SUNGURLU’DA VEFAT TEHDİDİ
Sungurlu’ya geldik. Bu sefer vefat tehditleriyle karşılaştık. Cemaatten 100’ün üzerinde tehdit aldık. Dost üzere yaklaşıp “Aldığın parayı yiyemezsin, sakat kalırsın, çoluk çocuğuna yazık” üzere tehditler… Dedim ki, “Para teklif etmenize gerek yok. Bana cennet dahi vaat etseniz, davamdan vazgeçmeyeceğim. Bu yola başımı koydum. Bu adamın sahtekarlığını ortaya çıkaracağım. Öleceğimi bilsem vazgeçmeyeceğim.”
ALTI POLİS KORUYOR
Bizi 2-3 gün evvel devlet müdafaasına aldılar. Çorum’da polis lojmanında kaldık. Birkaç akrabanın bizi aradığını öğrendik. “Geçmiş olsun dileklerimizi ileteceğiz” demişler. Palavra, tehdit için geliyorlardı. Artık polis korumasındayız. Devletin belirlediği yerdeyiz. Altı muhafazamız var.
Y. İLE KONUŞMADIK: Y. ile konuşmaya çalıştık. Ağladı, üzerine gitmedik.
ONU MEHDİ GÖRÜYORDUK
Canımı feda edebileceğim kadar sevdiğim biriydi. Onu Allah dostu bilip sevdik. Son vakitlerde mehdilik çıkarmıştı. Palavra söyleyeceğini düşünmüyorduk. Diyorduk ki, bu adam mehdi. Kuşkumuz vardı lakin inanmak istiyorduk.
CAHİLLİĞİMİZİN BEDELİNİ ÇOCUĞUMUZLA ÖDEDİK
Baba F.A. pir Fatih Nurullah’ın muritlerinin, ona iftira atıldığına, büyü yapıldığına inandığını söylüyor.
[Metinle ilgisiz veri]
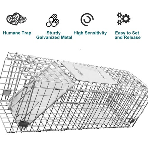 Safely and ethically catch and relocate stray or wild animals with our Humane Live Animal Trap Cage. Designed for small to medium-sized animals like possums, cats, rabbits, foxes, birds, and hares, this cage features a spring-loaded trigger system, smoothed internal edges, and a rust-resistant galvanized steel build.
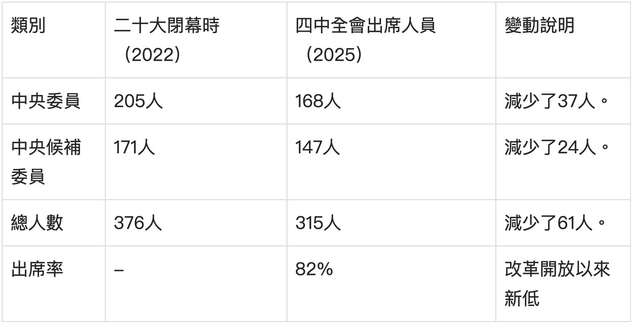 【人民報消息】這次中共二十屆四中全會10月23日閉幕,外界原本以為會是一次重大的人事「攤牌」,結果卻出人意料。會議結束後,沒有出現外界期待的高層調整,習近平保留了黨政軍三個職位。軍方卻只升了一個人。多個關鍵崗位仍然空缺,一批本該遞補的將領卻被集體「跳過」。會議缺席率創下歷史新高,留下許多謎團未解。 根據官方資料,二十屆中央委員會有205人,官方報導出席這次會議的只有168人,其中一人去世,36人缺席,只有10個人是公布被開除了黨籍,這樣剩下26個高官失蹤。按照慣例,這些人應該是出問題了。 二十屆中央候補委員還有171人,官方說出席這次會議的只有147人,24個缺席的「候補」委員 ,只有4個被正式公布開除黨籍,其它名單都沒有公布,很可能也是在黨內遭到清洗。 所以這次四中全會上,376個中央委員和候補委員,有61人缺席,其中一人是去世了,60人沒有出席,估計是出事了。 軍方數字更嚇人。開除黨籍的九上將,只有王厚斌不是中央委員——其餘全部是中央委員級別。根據央視畫面,軍方42個二十屆中央委員,共有27人缺席,當中上將有22人,除了官宣開除的8個上將,還有14個上將「失蹤」,他們是誰?他們到哪去了,背後發生了什麼? 關鍵數字比較: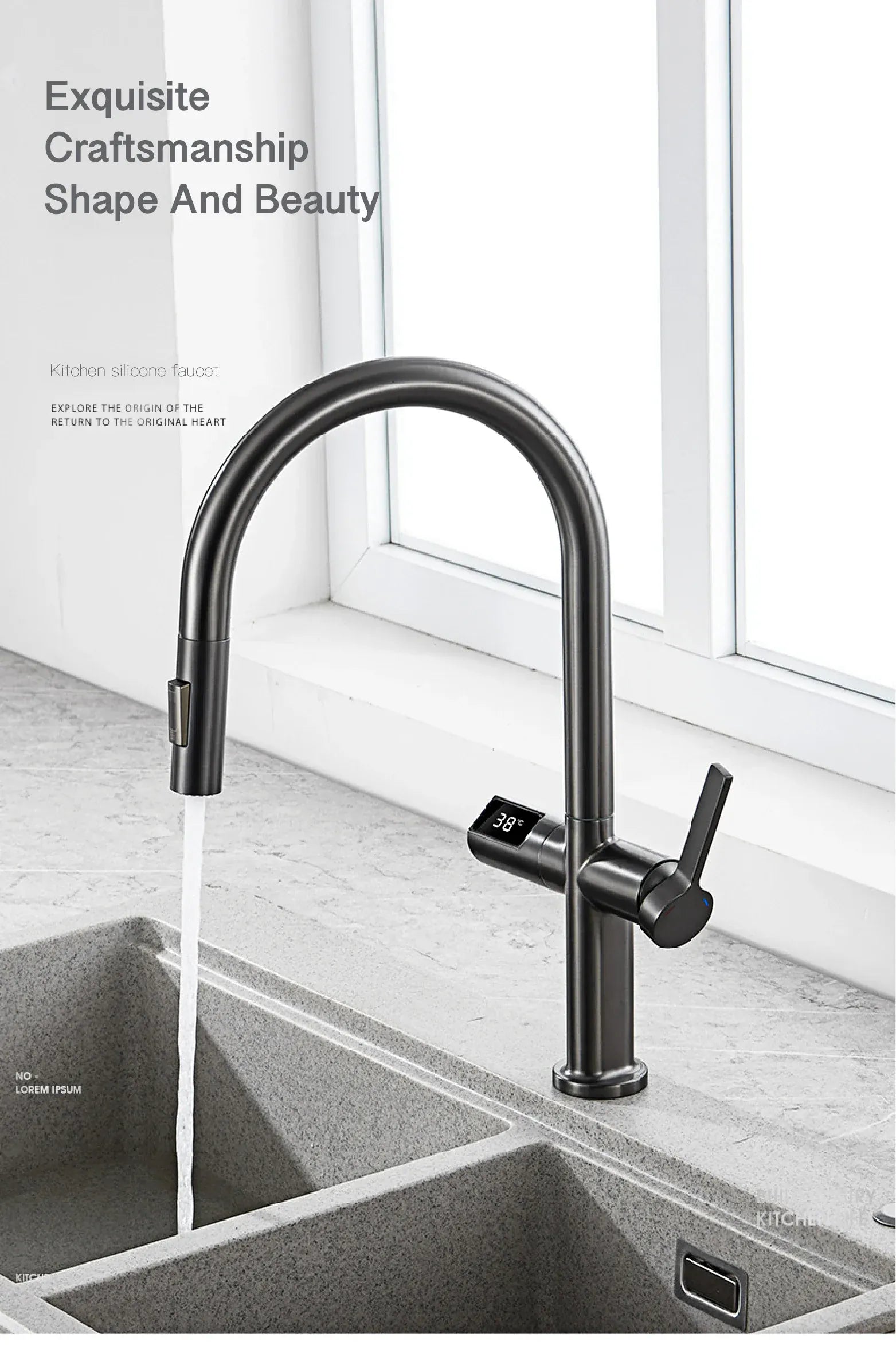 Luxury brass gun gray kitchen faucet LED digital sensing design single handle hot & cold water pull-out type 2-function sink Tap
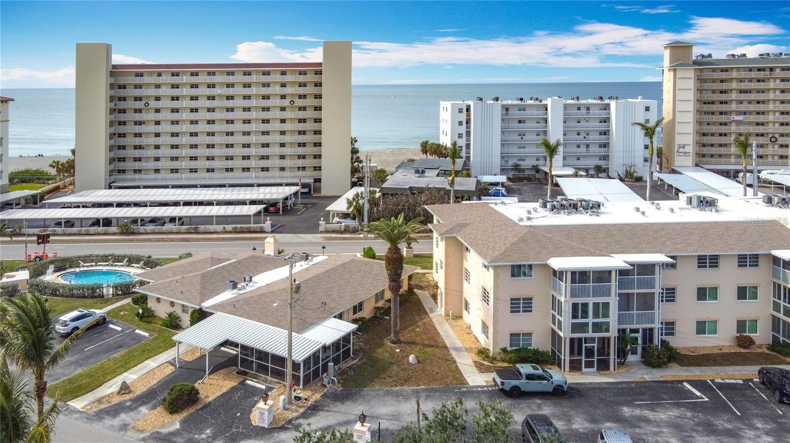 Welcome to Unit A7 at Gulf Point Condominiums — a charming 1-bedroom, 1-bath, furnished, ground-floor condo perfectly positioned right across the street from the beach.This well-maintained unit offers easy, convenient living with two private entry options: access through the interior hallway or directly through your lanai, which features a sidewalk leading straight to the parking lot — ideal for carrying groceries or coming and going with ease.Inside, you’ll find a comfortable and functional layout. The dining area features attractive laminate flooring, while the kitchen offers durable linoleum flooring. The bedroom is cozy and inviting with soft carpet underfoot, creating a relaxing retreat at the end of the day.Residents of Gulf Point enjoy a community pool, perfect for soaking up the Florida sunshine or cooling off after a day at the beach. With its ground-floor location and unbeatable proximity to the sand, this unit is ideal as a full-time residence, vacation getaway, or investment opportunity.Enjoy simple coastal living just steps from the Gulf — schedule your showing today.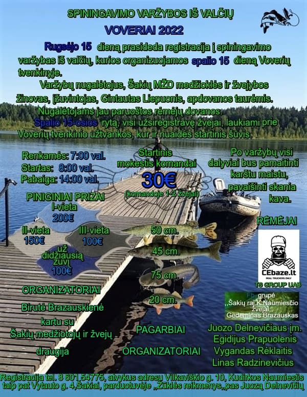 Rugsėjo 15 dieną prasideda registracija į spiningavimo varžybas iš valčių, kurios organizuojamos spalio 15 dieną Voverių tvenkinyje. Varžybų nugalėtojus, Šakių MŽD medžioklės ir žvejybos žinovas, įžuvintojas, Gintautas Liepuonis, apdovanos taurėmis.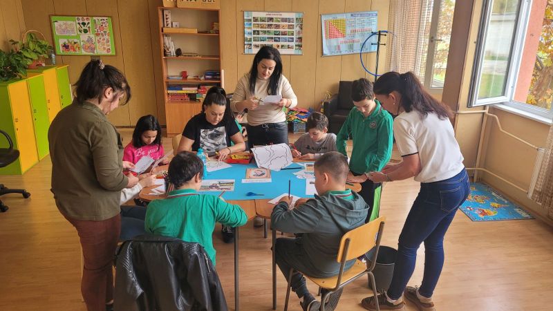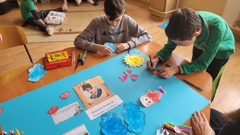 Учениците, работещи с екипа за подкрепа на личностното развитие, твориха в ресурсния кабинет. С много вдъхновение и въображение те представиха своя поглед към света на Йордан Йовков.

Nurullah’ın cezaevinden mehdi olarak çıkıp otorite kuracağına inanıldığını söyleyen F.A. “Onu yıkmak için bu yola başvurmuşuz. Yüzde 80’i hâlâ destekliyor. Ben onun berbat yüzünü evvel kendi cemaatine ve sonra Türkiye’ye göstermek için uğraşıyorum. Bunu Allah isteği için yapmaya çalışıyorum. Bu sahtekarlıklar büyümesin” dedi. Pak inançlarının berbata kullanıldığını söyleyen baba, kelamlarını şöyle noktaladı: Biz Allah ve peygamber sevgisiyle yaklaşmıştık. Cahilliğimizin bedelini kendi çocuğumuzla ödedik.